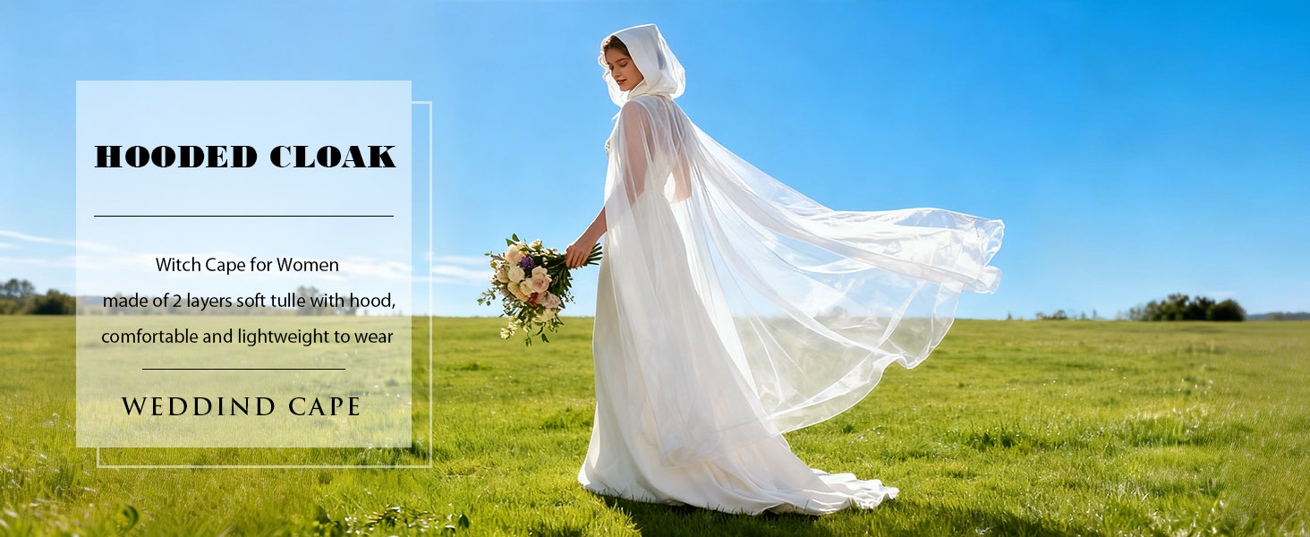 Tulle hooded cloak for women is made of 2 layers soft tulle with hood , no fade, no break, you can wear it comfortably for a long time
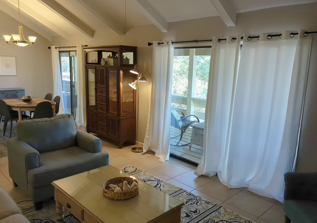 Welcome to your peaceful getaway in the heart of Seascape Resort, where this upper-level condo offers a perfect blend of comfort, relaxation, and resort-style living. Inside, you’ll find a cozy kitchen and dining area that flows into a bright, open living space with high ceilings and plenty of natural light, leading out to a lovely balcony overlooking the golf course—an ideal spot for morning coffee or afternoon conversations while watching golfers at play. The unit is conveniently located directly across from the pickleball courts and pool and comfortably sleeps guests with a king bed in the master bedroom, a queen bed in the guest bedroom, and a sleeper sofa in the living room. Come start making lasting memories at 86 Breakwater Bay, Unit 10G.
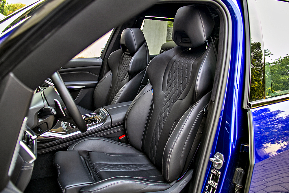 这台M60i前排选装了一体式运动座椅,费用并不贵,一万元出点头,但是座椅的卖相和功能非常丰富,首先座椅支持各种调节,腿托、侧翼、肩部,而且加热、通风、按摩都有。
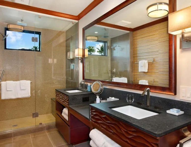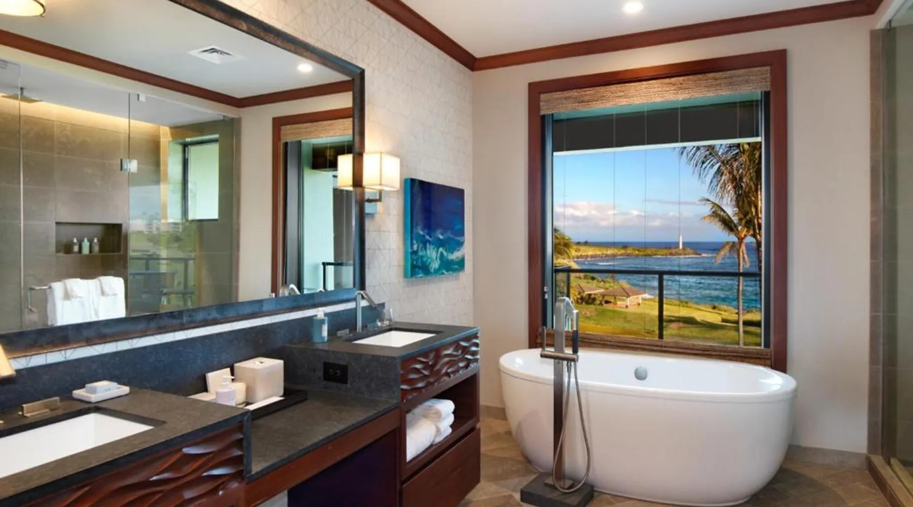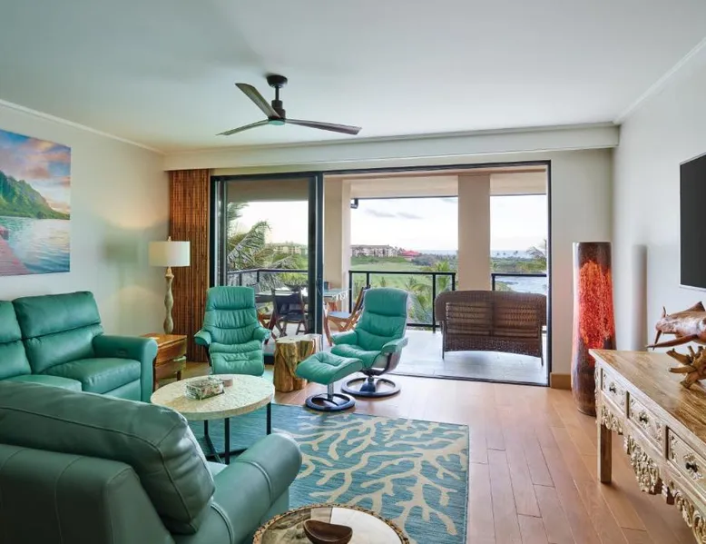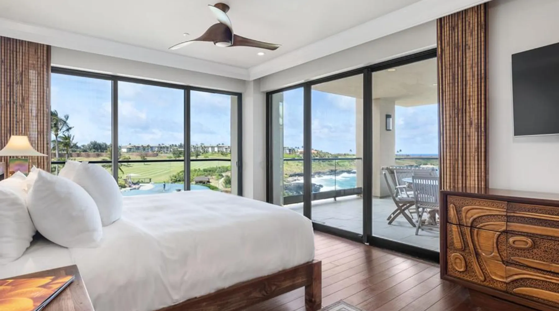 Elegant Accommodations: Timbers Kauai Ocean Club & Residences in Lihue offers luxurious rooms with sea views, balconies, and private pools. Each room features a kitchen, bathrobes, and modern amenities. Exceptional Facilities: Guests enjoy an infinity swimming pool, spa facilities, fitness center, sun terrace, and free WiFi. Additional amenities include a hot tub, outdoor fireplace, and barbecue facilities. Dining Experience: The hotel serves continental, American, and Asian breakfasts with fresh pastries, pancakes, and fruits. Dining options include lunch and dinner at the restaurant, bar, and outdoor seating areas. Prime Location: Located 1.9 mi from Lihue Airport, the hotel is a short walk from Kalapaki Beach and near attractions such as The Ocean Course At Hokuala and Nawiliwili Harbor. This spacious apartment features 1 living room, 4 separate bedrooms and 4 bathrooms with a shower and bathrobes. The apartment's kitchen is available for cooking and storing food. Boasting a balcony with sea views, this apartment also features a tea and coffee maker and a flat-screen TV. The unit has 5 beds.
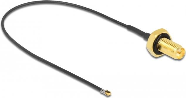 Delock - Antennenkabel - RP-SMA (W) Bulkhead bis MHF 4L LK (M) - 20cm - 1,37 mm - Koax - Grau, Schwarz (12657)
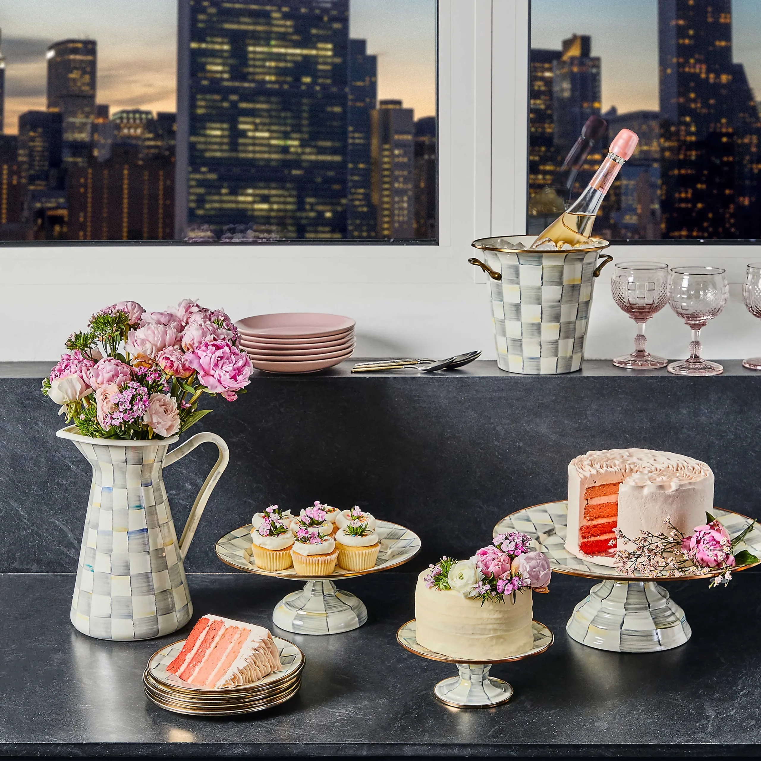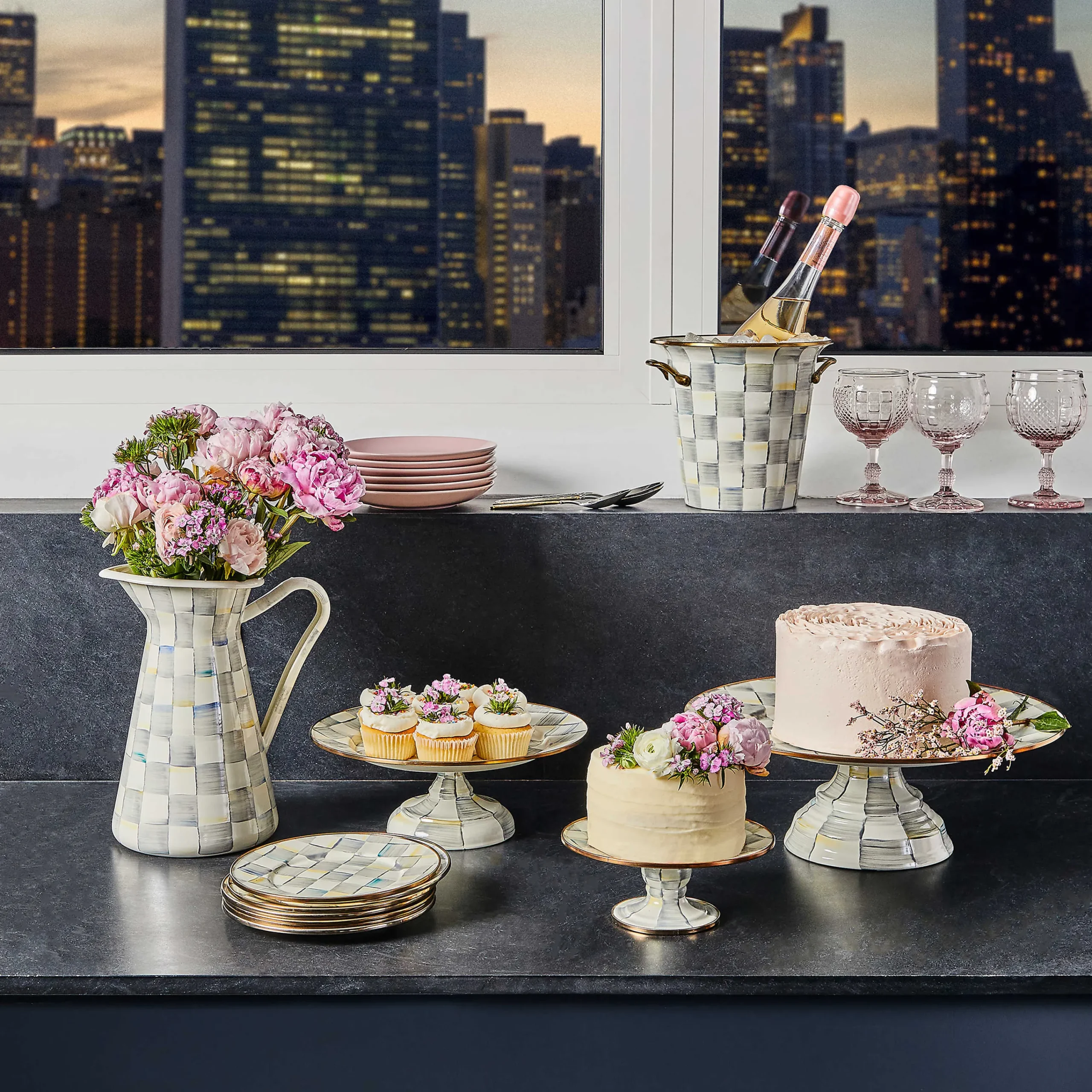 Make every day extraordinary with our colorful, fun, and richly patterned enamelware. The Mini Sterling Check Pedestal Platter features an enameled steel underbody rimmed in bronzed stainless steel. Stack it atop the small and large platters to make a real statement!
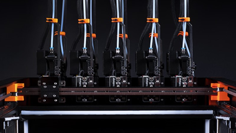 Porque XL é uma máquina CoreXY, acrescentar capacidades de troca de ferramentas é algo que nos vem sempre à mente. O resultado é que a máquina pode funcionar com um máximo de cinco cabeças de ferramentas independentes.
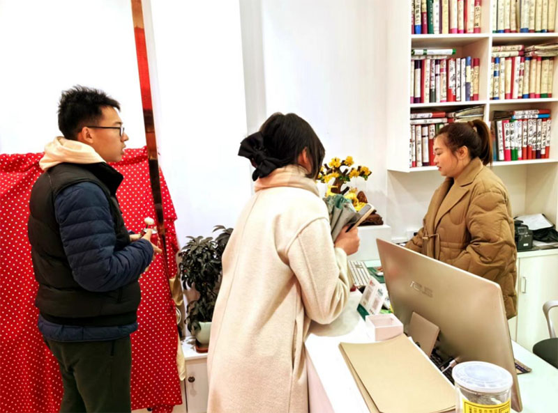 2月2日,實踐隊隊員在柯橋區中國輕紡城走訪商戶。李軼宸 攝
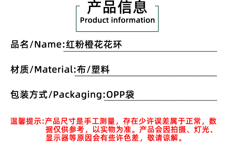 | Artículo No. | Rojo Rosa naranja flor guirnalda |
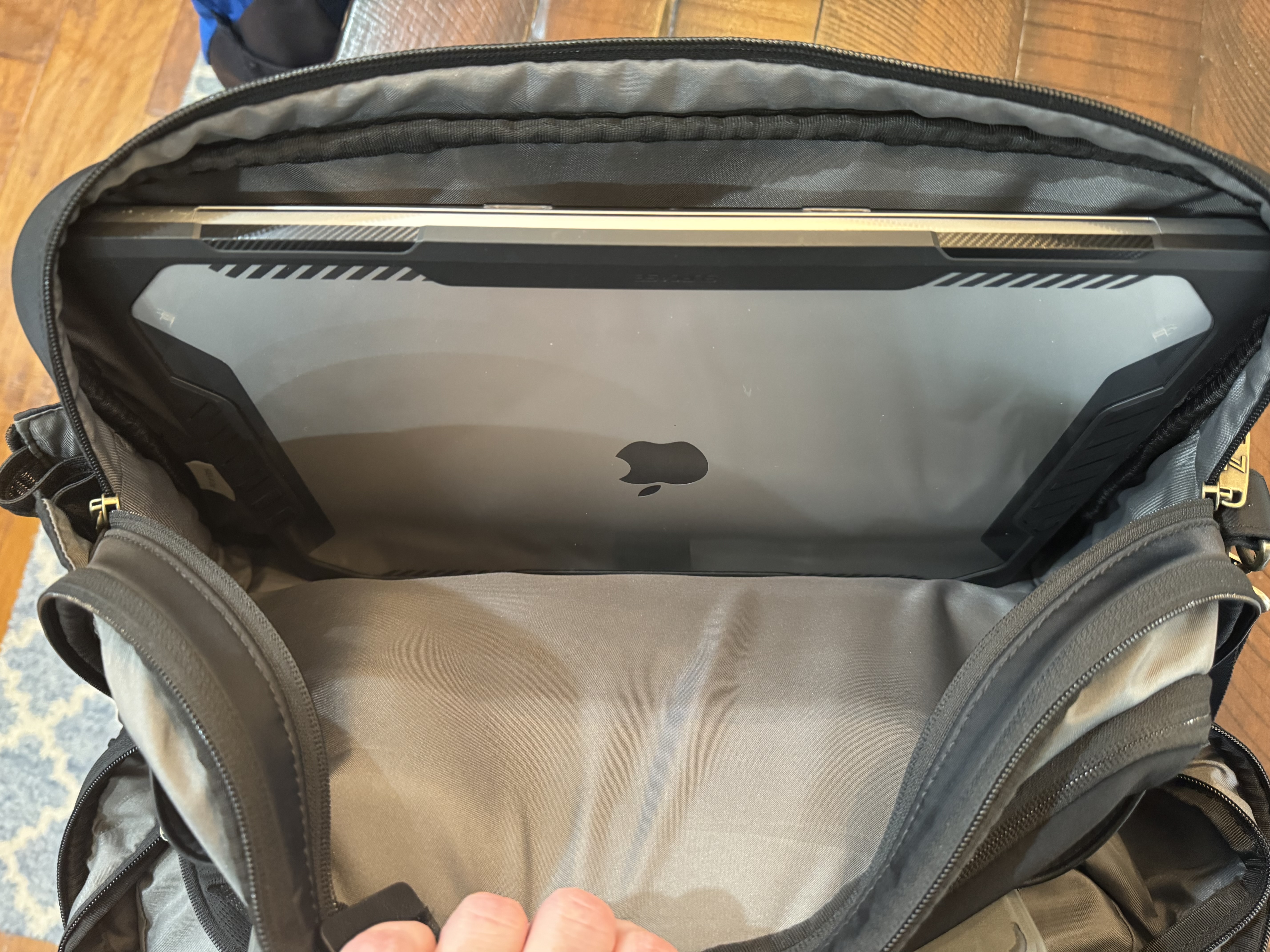 Nomad Lane provided me with a bag to try in exchange for my honest feedback. Here’s the thing: it’s pricey but very durable. If I didn’t carry so much crap (travel surge suppressor with extension cord, USB cords galore, power adapters, etc) and were a better packer, I could make it work even better. Maybe that will be a goal for 2025. 🙂 . But I’m able to pack my 16″ MacBook Pro and iPad Air 2 along with a bunch of supplies, pens, legal pad, and other essentials I need during flights and meetings. When I pack it full of stuff — which is most of the time — I wonder if the zippers and stitching will break. Nope. The zippers have always stayed on the tracks/teeth and the fabric never has come close to “popping.”
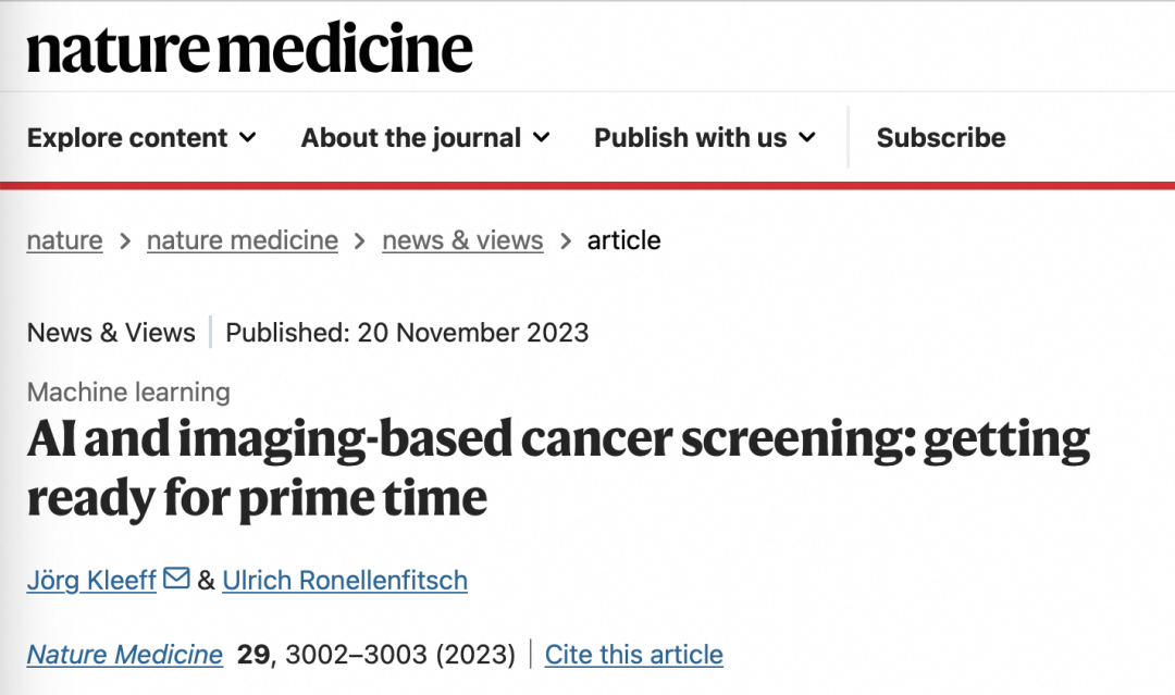 2023年,Nature Medicine评论文章预言——"基于影像AI的癌症筛查即将进入黄金时代"。
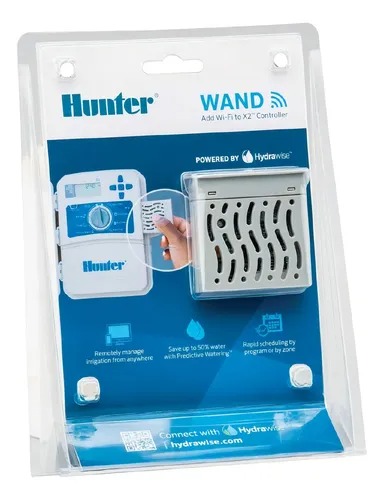 El Módulo WIFI y Bluetooth HUNTER WAND es el accesorio esencial que transforma su controlador de riego Hunter X2 (de cualquier estación) en un sistema de riego inteligente (Smart Controller) con todas las funcionalidades de la plataforma Hydrawise. Este módulo de conexión Plug-and-Play se inserta fácilmente en el puerto de accesorios del X2, desactivando el dial y los botones físicos para transferir todo el control a la nube y a su smartphone.

## Task details
Would you copy out the data exactly, leaving every picture out?

## Task solution
 Tulle hooded cloak for women is made of 2 layers soft tulle with hood , no fade, no break, you can wear it comfortably for a long time
 Welcome to your peaceful getaway in the heart of Seascape Resort, where this upper-level condo offers a perfect blend of comfort, relaxation, and resort-style living. Inside, you’ll find a cozy kitchen and dining area that flows into a bright, open living space with high ceilings and plenty of natural light, leading out to a lovely balcony overlooking the golf course—an ideal spot for morning coffee or afternoon conversations while watching golfers at play. The unit is conveniently located directly across from the pickleball courts and pool and comfortably sleeps guests with a king bed in the master bedroom, a queen bed in the guest bedroom, and a sleeper sofa in the living room. Come start making lasting memories at 86 Breakwater Bay, Unit 10G.
 这台M60i前排选装了一体式运动座椅,费用并不贵,一万元出点头,但是座椅的卖相和功能非常丰富,首先座椅支持各种调节,腿托、侧翼、肩部,而且加热、通风、按摩都有。
 Elegant Accommodations: Timbers Kauai Ocean Club & Residences in Lihue offers luxurious rooms with sea views, balconies, and private pools. Each room features a kitchen, bathrobes, and modern amenities. Exceptional Facilities: Guests enjoy an infinity swimming pool, spa facilities, fitness center, sun terrace, and free WiFi. Additional amenities include a hot tub, outdoor fireplace, and barbecue facilities. Dining Experience: The hotel serves continental, American, and Asian breakfasts with fresh pastries, pancakes, and fruits. Dining options include lunch and dinner at the restaurant, bar, and outdoor seating areas. Prime Location: Located 1.9 mi from Lihue Airport, the hotel is a short walk from Kalapaki Beach and near attractions such as The Ocean Course At Hokuala and Nawiliwili Harbor. This spacious apartment features 1 living room, 4 separate bedrooms and 4 bathrooms with a shower and bathrobes. The apartment's kitchen is available for cooking and storing food. Boasting a balcony with sea views, this apartment also features a tea and coffee maker and a flat-screen TV. The unit has 5 beds.
 Delock - Antennenkabel - RP-SMA (W) Bulkhead bis MHF 4L LK (M) - 20cm - 1,37 mm - Koax - Grau, Schwarz (12657)
 Make every day extraordinary with our colorful, fun, and richly patterned enamelware. The Mini Sterling Check Pedestal Platter features an enameled steel underbody rimmed in bronzed stainless steel. Stack it atop the small and large platters to make a real statement!
 Porque XL é uma máquina CoreXY, acrescentar capacidades de troca de ferramentas é algo que nos vem sempre à mente. O resultado é que a máquina pode funcionar com um máximo de cinco cabeças de ferramentas independentes.
 2月2日,實踐隊隊員在柯橋區中國輕紡城走訪商戶。李軼宸 攝
 | Artículo No. | Rojo Rosa naranja flor guirnalda |
 Nomad Lane provided me with a bag to try in exchange for my honest feedback. Here’s the thing: it’s pricey but very durable. If I didn’t carry so much crap (travel surge suppressor with extension cord, USB cords galore, power adapters, etc) and were a better packer, I could make it work even better. Maybe that will be a goal for 2025. 🙂 . But I’m able to pack my 16″ MacBook Pro and iPad Air 2 along with a bunch of supplies, pens, legal pad, and other essentials I need during flights and meetings. When I pack it full of stuff — which is most of the time — I wonder if the zippers and stitching will break. Nope. The zippers have always stayed on the tracks/teeth and the fabric never has come close to “popping.”
 2023年,Nature Medicine评论文章预言——"基于影像AI的癌症筛查即将进入黄金时代"。
 El Módulo WIFI y Bluetooth HUNTER WAND es el accesorio esencial que transforma su controlador de riego Hunter X2 (de cualquier estación) en un sistema de riego inteligente (Smart Controller) con todas las funcionalidades de la plataforma Hydrawise. Este módulo de conexión Plug-and-Play se inserta fácilmente en el puerto de accesorios del X2, desactivando el dial y los botones físicos para transferir todo el control a la nube y a su smartphone.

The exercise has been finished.